Wei Wu, Lingling Jin

External Collaborators

Sheldon X.-D. Tan (UCR), Jie Chen (UCR)


The evolution of microprocessors has been hindered by their increasing power consumption and the speed heat is generated on-die. High temperature impairs the processor reliability and reduces its lifetime. While heat can be removed by the cooling package, designing such package for the worst-case temperature is not cost-effective as the worst-cases are rare but the cost increases super-linearly. Therefore, a more reasonable solution is to use a less expensive package with dynamic thermal managements (DTM) that throttles the processor performance when the cooling is inadequate.

To ensure an effective control of the chip temperature, it is imperative to be able to monitor the temperature variations across the die timely and accurately. Most current techniques rely on on-chip thermal sensors, typically one or two, to report the temperature of the processor.

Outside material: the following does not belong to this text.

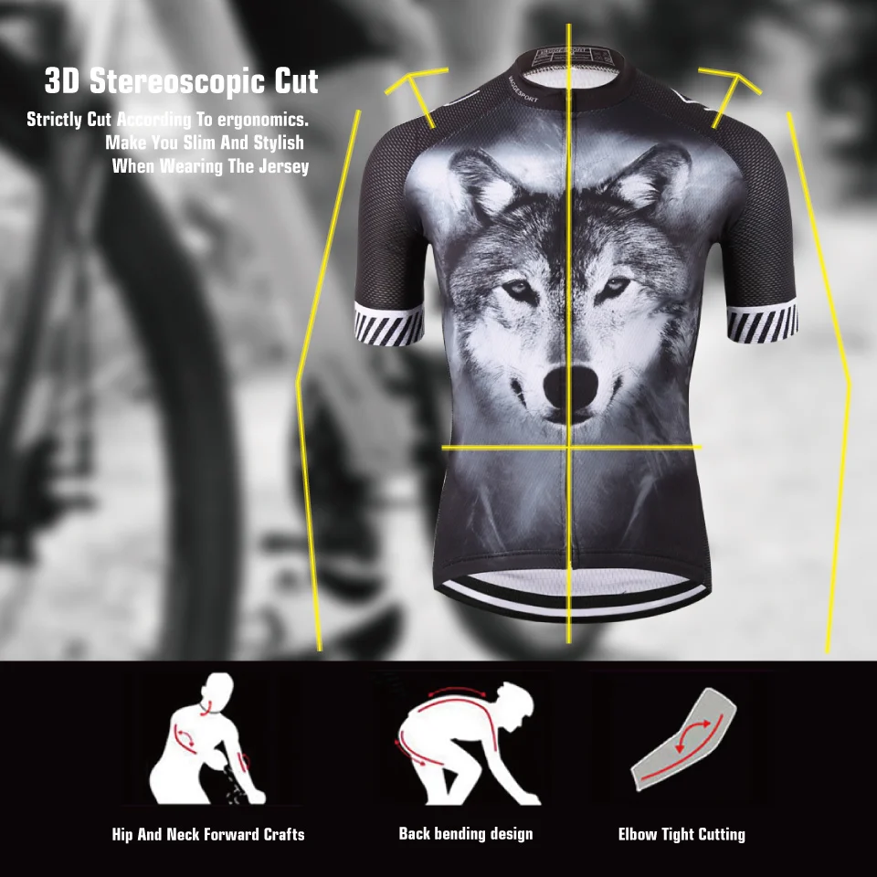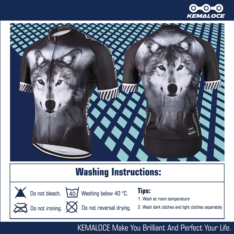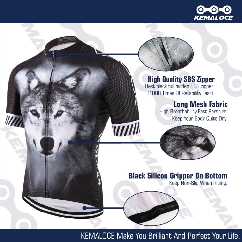 Новая велосипедная одежда с сублимационной печатью от KEMALOCE Wolf, летняя дышащая черная велосипедная одежда, быстросохнущая компрессионная велосипедная одежда

Unfortunately, the significant variation in chip temperature both spatially and temporally exposes the limitation of the sensors since hot spots migrate with workloads. We present an alternative approach to tracking chip temperature through an OS resident software module that generates live power and thermal spectral distributions of the processor. We developed such a software thermal sensor (STS) with low overhead in a Linux system with a Pentium 4 Northwood core. The software thermal sensor offers detailed power and temperature breakdowns of each functional unit at runtime.

We also develope a thermal-aware job scheduling mechanism for reducing the performance loss due to the thermal pressure. Our methods leverage the natural discrepancies in thermal behavior among different workloads, and schedule them to keep the chip temperature within the cooling limit so as to minimize the amount of throttling. Our Linux kernel implementation of the entire framework shows noticeable performance improvements over a traditional thermal-oblivious job scheduling method while retaining its requirements for real-time and interactive jobs.